Dinheiro das
multas de trânsito serve até para o café dos funcionários da CET
Meu plano
para hoje era escrever sobre o CEDATT, um órgão Estadual (deixei
momentaneamente Brasília de lado para entrar um pouco na parcela que cabe aos
Estados no “Festival de Descaso na Gestão do Trânsito que Assola o País”), mas
a frase do título desta postagem me fez mudar de ideia. Essa frase é a manchete
na primeira página do caderno Metrópole do jornal o Estado de São Paulo, de 16
de abril de 2013, em reportagem assinada por Bruno Ribeiro.
Escrevi
recentemente que utilizo nestas postagens, por princípio, apenas dados de
domínio público, o que significa nos dias de hoje basicamente “Internet”. Considero
obrigação de entidades públicas serem realmente transparentes, divulgando com
frequência e clareza informações que permitam ao público avaliar como ela está
cumprindo sua função e a que custo para a sociedade, sem camuflar nada. Mas
poucas fazem isso, daí a enorme importância da nova Lei de Acesso à Informação.
Porém, um
simples cidadão tem maiores dificuldades em obter informações de órgãos
públicos mediante essa Lei do que a grande mídia, portanto valorizo muito reportagens
como essa, muito embora, pessoalmente, eu já conhecesse parte dos fatos. A
reportagem começa com uma frase significativa: “Diante
das seguidas denúncias de falta de recursos na CET, o Estado realizou, na semana passada, com dados obtidos por meio da
Lei de Acesso à Informação, um levantamento para saber o que foi feito, em
2012, com os quase R$ 900 milhões em multas que a cidade de São Paulo
arrecadou. Quase um bilhão de Reais!”.
Em julho de
2011 escrevi algumas postagens sob o título genérico: ”Ignorando a
Responsabilidade Legal” entre as quais, em postagem do dia 18, comecei uma
análise sobre a “municipalização” da gestão do trânsito que o CTB instituiu,
mostrando algumas idiossincrasias introduzidas. Vou recordar:
O Código de Trânsito
Brasileiro introduziu uma clara divisão de responsabilidades e uma teórica
“parceria” entre órgãos federais, estaduais e municipais. Os municípios tiveram
sua responsabilidade altamente ampliada na gestão das questões de trânsito. O
município e não mais o Estado passou a ser o principal gestor do trânsito.
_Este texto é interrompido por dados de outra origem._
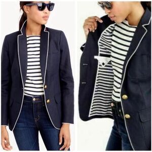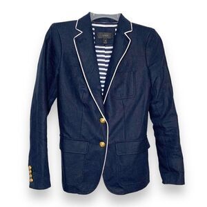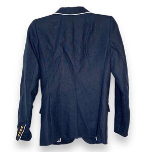 J. Crew Rhodes Navy Blue Blazer 100% Linen Nautical Crest Gold Buttons Size 00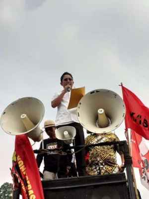 Sementara massa aksi lainnya panas-panasan sambil mendengarkan para orator di mobil komando.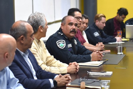 Acompañado por el director de Seguridad Ciudadana y Tránsito Municipal, Francisco Felipe Villa Campa, el Edil dijo que la Policía Municipal respaldará desde el ámbito local todas las medidas que apliquen los gobiernos Estatal y Federal.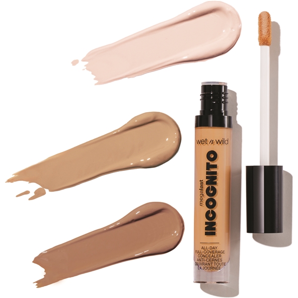 MegaLast Incognito Full Coverage Concealer von wet n wild ist angereichert mit pflegenden und feuchtigkeitsspendenden Inhaltsstoffen wie Sheabutter, Süßholzwurzelextrakt und Mangokernbutter. Er ist langanhaltend und lässt sich von mittlerer bis voller Deckkraft aufbauen und verleiht ein mattes Finish.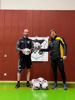 Thomas Kutsch (Deutsche Post DHL, re.) überreicht Fabian Kauffmann (Stellv. Vorsitzender TSV Niederweimar) die neuen Derbystar-Fußbälle.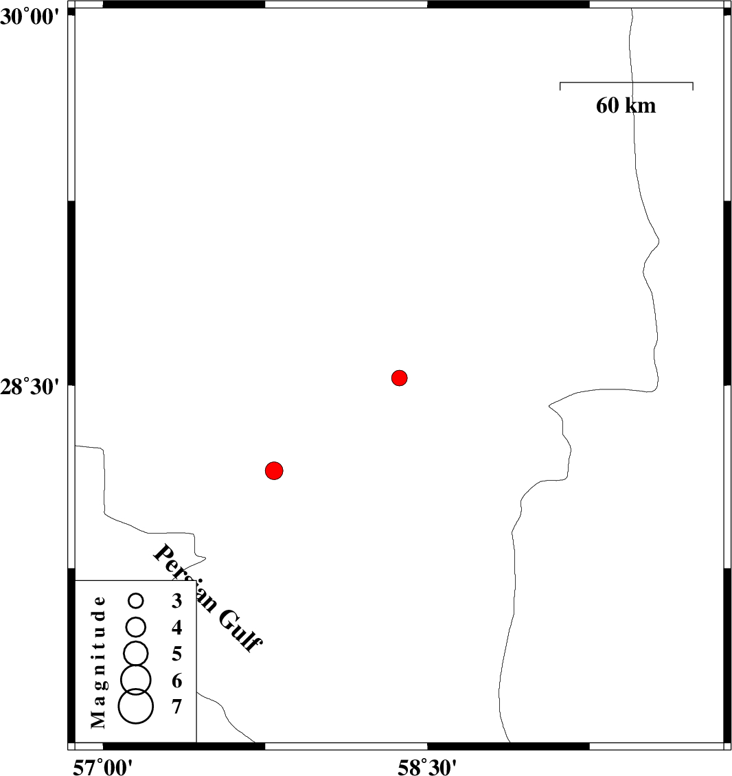 2020/12/04 | 20:40:27.3 | 00:10:27.3 | 28.15 | 57.79 | 10 | ML:3.6 | Kerman Province, 24 km North of Kahnuj |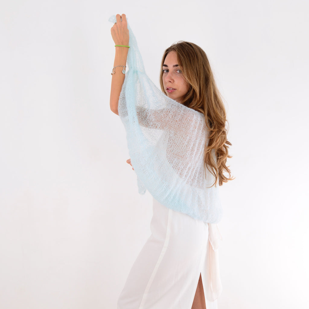 Mint mohair bridal shawl Teal handknit shawl Silk mohair shawl Wedding shrug Bridal bolero Evening bolero shrug Sheer shawl Bridal cover up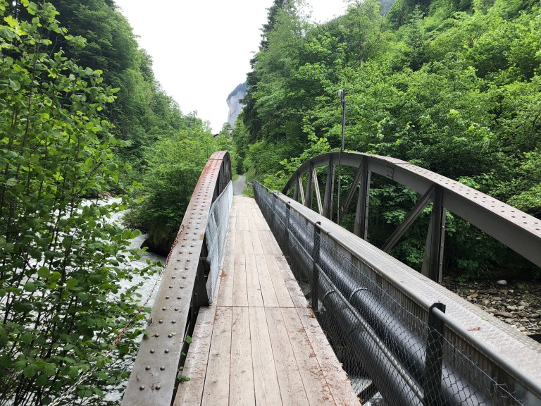We started our hike near the train station in Lauterbrunnen , taking a steep slope down to the river,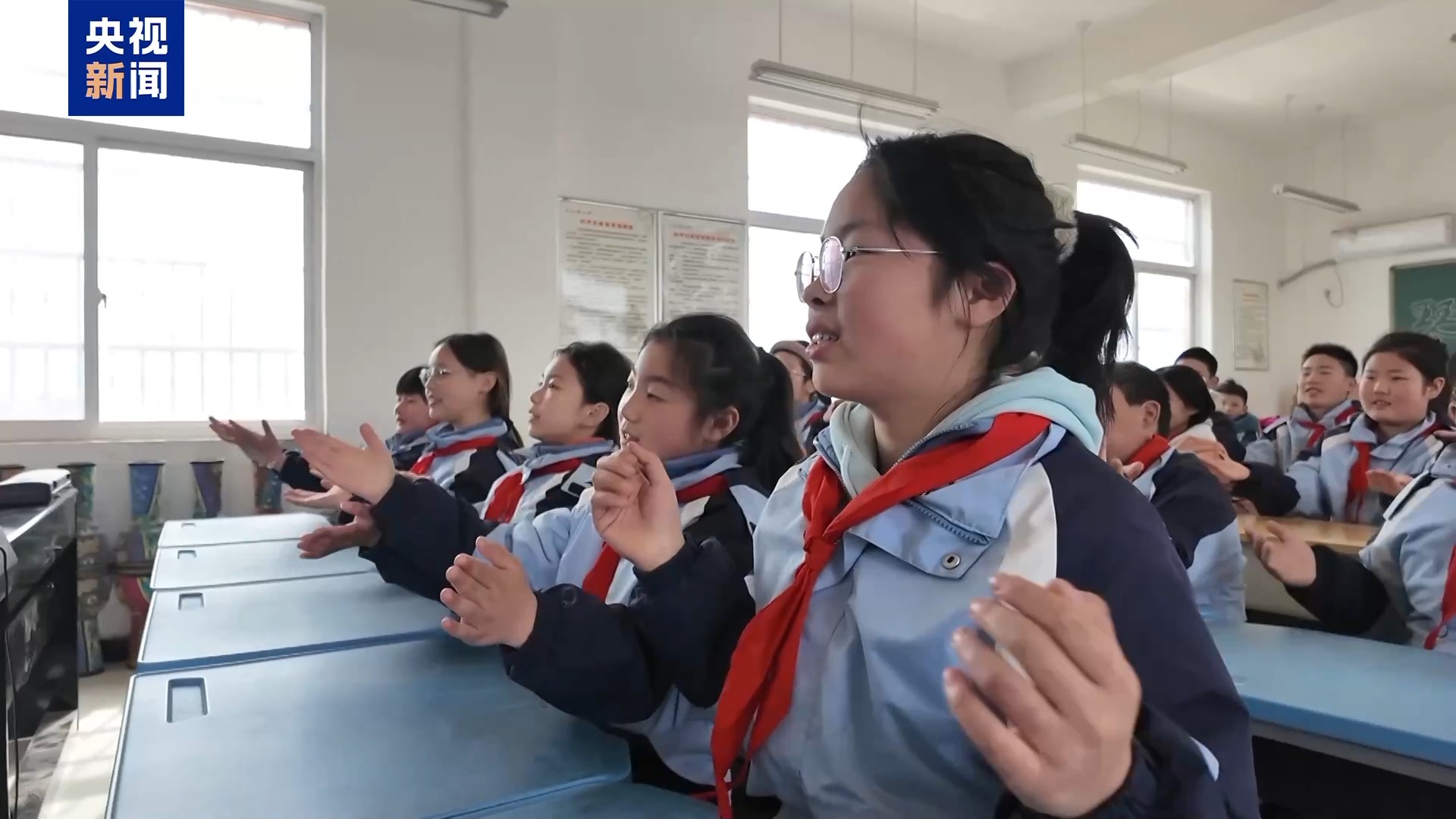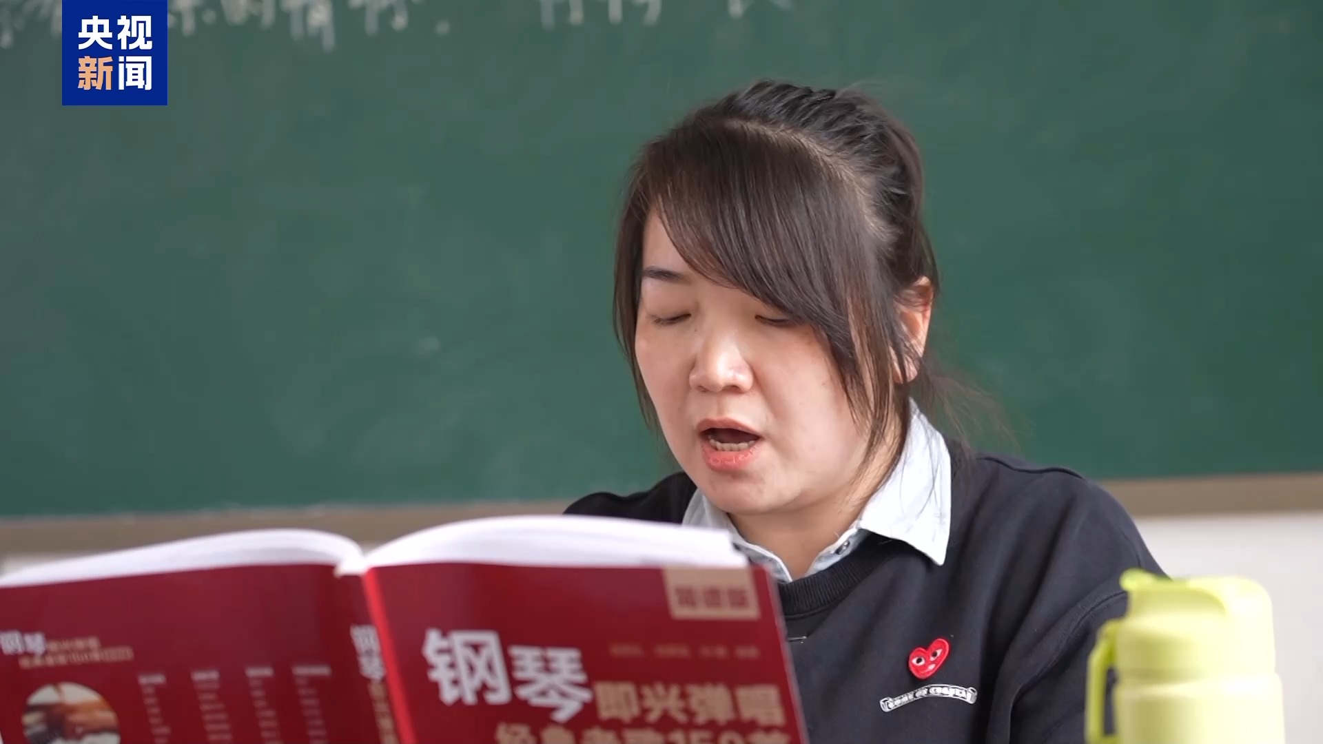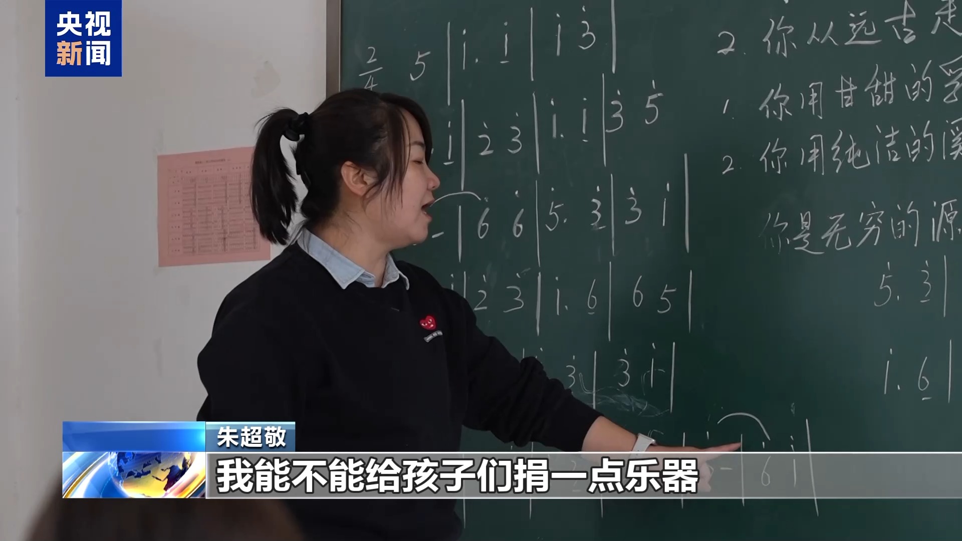 朱超敬:調(diào)完琴之后,他正在教室上課,我一下就萌發(fā)了那種小時候上課的狀態(tài),孩子們特別可愛。他正在上課,我就跟梁老師說,我能不能給大家教個歌,或者上一節(jié)課。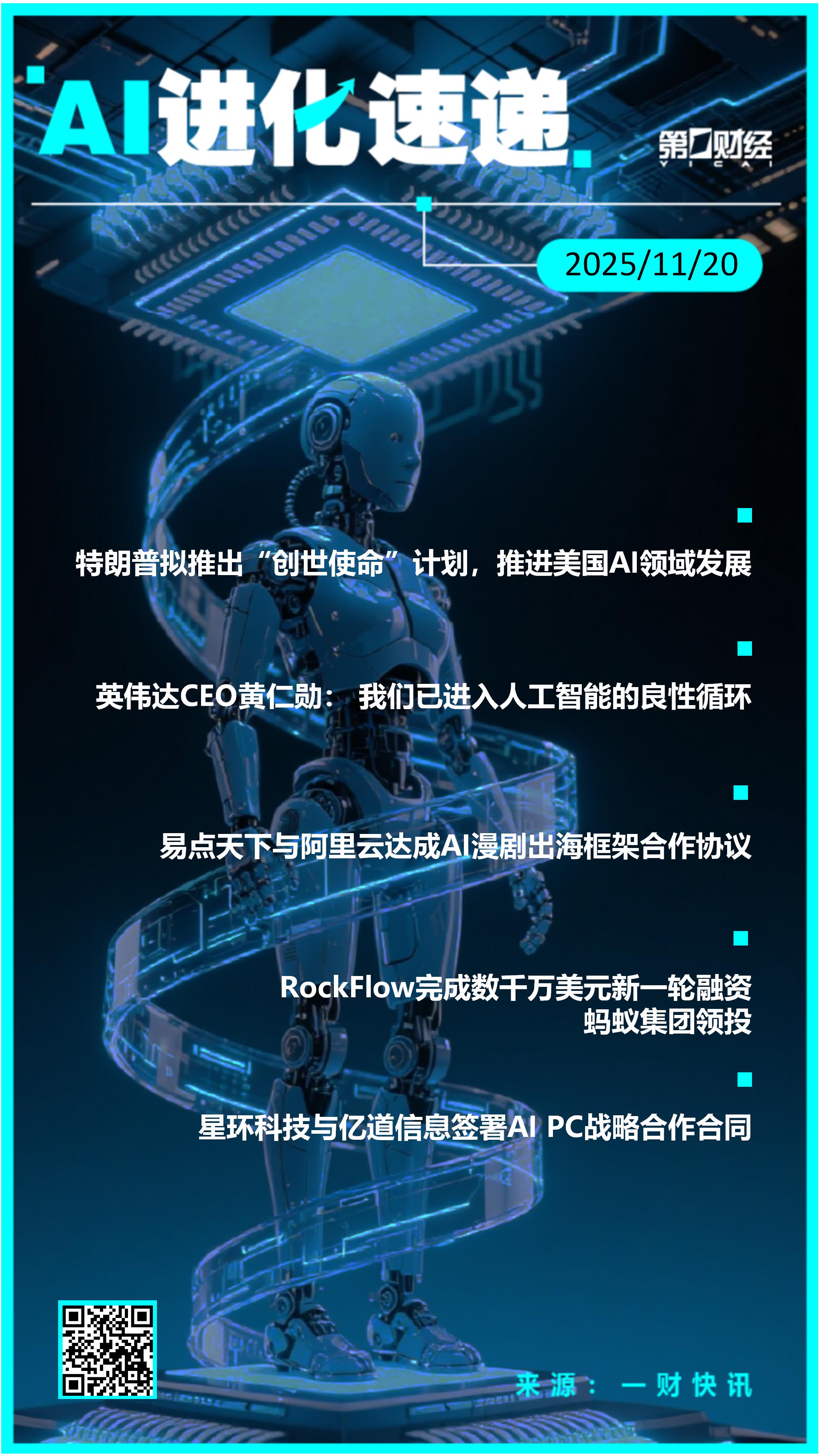 ①特朗普拟推出"创世使命"计划,推进美国AI领域发展;②英伟达CEO黄仁勋: 我们已进入人工智能(AI)的良性循环;③易点天下与阿里云达成AI漫剧 出海框架合作协议。 ①特朗普拟推出"创世使命"计划,推进美国AI领域发展; ②英伟达CEO黄仁勋: 我们已进入人工智能(AI)的良性循环; ③易点天下与阿里云达成AI漫剧出海框架合作协议; ④RockFlow完成数千万美元新一轮融资,蚂蚁集团领投; ⑤星环科技与亿道信息签署AI PC战略合作合同。 "创世使命" 特朗普拟推出 英伟达CEO黄仁勋:我们已 易点天下与阿里云达成 RockFlows 星环科技与亿道信息 i tion i ...

Alegam as autoridades que nada mais justo, quando se considera que é neles que
os cidadãos efetivamente moram, trabalham e se deslocam. Por isso, compete
agora a órgãos executivos municipais de trânsito exercer nada menos que vinte
e uma atribuições de gestão do trânsito.
Vejamos algumas delas:
Código de
Trânsito Brasileiro - CTB
Art. 24.
Compete aos órgãos e entidades executivos de trânsito dos Municípios...:
I -
cumprir e fazer cumprir a legislação e as normas de trânsito, no âmbito de suas
atribuições;
V -
estabelecer, em conjunto com os órgãos de polícia ostensiva de trânsito, as
diretrizes para o policiamento ostensivo de trânsito;
VI -
executar a fiscalização de trânsito, autuar e aplicar as medidas
administrativas cabíveis, por infrações de circulação, estacionamento e parada
previstas neste Código, no exercício regular do Poder de Polícia de Trânsito;
XIV -
implantar as medidas da Política Nacional de Trânsito e do Programa Nacional de
Trânsito;
Depois comentei:
Agora vejamos alguns pontos em que o CTB mais
confundiu do que esclareceu:
O Código de
Trânsito Brasileiro (e outras posturas federais) municipalizou a
responsabilidade pela gestão do trânsito, mas:Não prevê explicitamente de onde os municípios obterão recursos adequados para poder cumprir essa seriíssima responsabilidade... Alguém pode estranhar que muitos procurem, digamos assim, “maximizar” a arrecadação com esses tipos de multas?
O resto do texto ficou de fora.